Your functions must certainly be using the cdecl calling convention (http://en.wikipedia.org/wiki/X86_calling_conventions#cdecl). This pushes arguments on the stack in reverse order, from right to left, ensuring that the last argument can be easily located (top of the stack) and used to interpret the remainder, such as a printf format string. It is also the responsibility of the caller to clean up the stack, which is a bit less compact than the function itself doing so (as in pascal/stdcall convention), but ensures that variable argument lists can be used, and implies that trailing arguments can be ignored.
Here I found an example of how varargs can be used in C.
#include <stdarg.h>
double average(int count, ...)
{
va_list ap;
int j;
double tot = 0;
va_start(ap, count); //Requires the last fixed parameter (to get the address)
for(j=0; j<count; j++)
tot+=va_arg(ap, double); //Requires the type to cast to. Increments ap to the next argument.
va_end(ap);
return tot/count;
}
I can understand this example only to some extent.
It is not clear to me why we use va_start(ap, count);. As far as I understand, in this way we set the iterator to its first element. But why it is not set to the beginning by default?
It is not clear to me why we need to give count as an argument. Can't C automatically determine the number of the arguments?
It is not clear to me why we use va_end(ap). What does it change? Does it set the iterator to the end of the list? But is it not set to the end of the list by the loop? Moreover, why do we need it? We do not use ap anymore; why do we want to change it?
Remember that arguments are passed on the stack. The va_start function contains the "magic" code to initialize the va_list with the correct stack pointer. It must be passed the last named argument in the function declaration or it will not work.
What va_arg does is use this saved stack pointer, and extract the correct amount of bytes for the type provided, and then modify ap so it points to the next argument on the stack.
In reality these functions (va_start, va_arg and va_end) are not actually functions, but implemented as preprocessor macros. The actual implementation also depends on the compiler, as different compilers can have different layout of the stack and how it pushes arguments on the stack.
But why it is not set to the beginning by default?
Maybe because of historical reasons from when compilers weren't smart enough. Maybe because you might have a varargs function prototype which doesn't actually care about the varargs and setting up varargs happens to be expensive on that particular system. Maybe because of more complex operations where you do va_copy or maybe you want to restart working with the arguments multiple times and call va_start multiple times.
The short version is: because the language standard says so.
Second, it is not clear to me why we need to give count as an argument. Can't C++ automatically determine the number of the arguments?

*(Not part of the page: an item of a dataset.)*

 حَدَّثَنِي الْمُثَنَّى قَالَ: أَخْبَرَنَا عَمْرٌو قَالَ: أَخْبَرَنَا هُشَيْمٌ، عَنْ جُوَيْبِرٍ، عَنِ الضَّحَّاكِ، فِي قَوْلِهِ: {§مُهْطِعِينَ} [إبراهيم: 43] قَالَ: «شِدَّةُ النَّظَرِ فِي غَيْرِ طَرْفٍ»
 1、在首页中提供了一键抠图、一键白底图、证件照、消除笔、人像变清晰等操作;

That's not what all that count is. It is the last named argument to the function. va_start needs it to figure out where the varargs are. Most likely this is for historical reasons on old compilers. I can't see why it couldn't be implemented differently today.
As the second part of your question: no, the compiler doesn't know how many arguments were sent to the function. It might not even be in the same compilation unit or even the same program and the compiler doesn't know how the function will be called. Imagine a library with a varargs function like printf. When you compile your libc the compiler doesn't know when and how programs will call printf. On most ABIs (ABI is the conventions for how functions are called, how arguments are passed, etc) there is no way to find out how many arguments a function call got. It's wasteful to include that information in a function call and it's almost never needed. So you need to have a way to tell the varargs function how many arguments it got. Accessing va_arg beyond the number of arguments that were actually passed is undefined behavior.

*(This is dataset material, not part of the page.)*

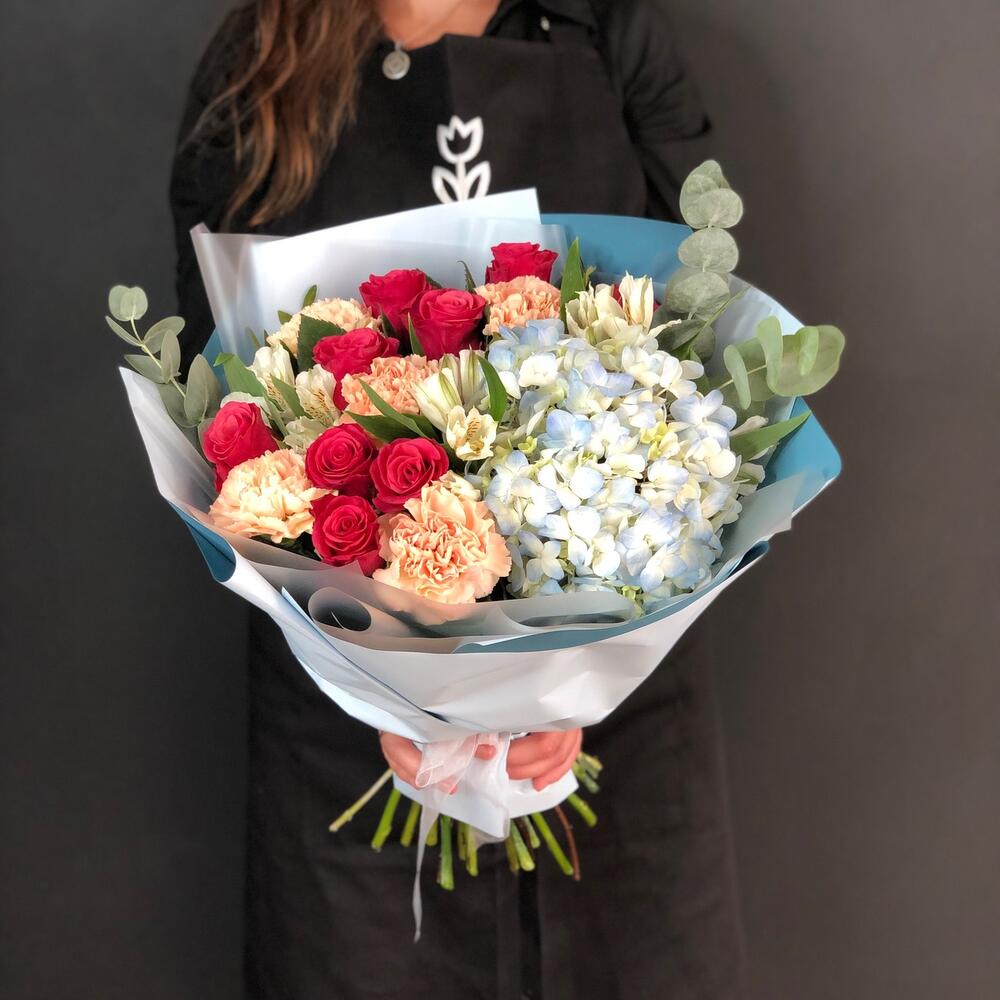 Гортензия – 1 шт.Роза Эквадор – 9 шт.Диантус – 5 шт.Эвкалипт – 2 шт.Альстромерия – 3 шт.Крафт упаковка – 3 шт.

Then it is not clear to me why do we use va_end(ap). What does it change?
On most architectures va_end doesn't do anything relevant. But there are some architectures with complex argument passing semantics and va_start could even potentially malloc memory then you'd need va_end to free that memory.
The short version here is also: because the language standard says so.
va_start initalises the list of variable arguments. You always pass the last named function argument as the second parameter. It is because you need to provide information about location in the stack, where variable arguments begin, since arguments are pushed on the stack and compiler cannot know where there's a beginning of variable argument list (there's no differentiation).
As to va_end, it is used to free resources allocated for the variable argument list during the va_start call.
It's C macroses. va_start sets internal pointer to address of first element. va_end cleanup va_list. If there is va_start in code and there is no va_end - it's UB.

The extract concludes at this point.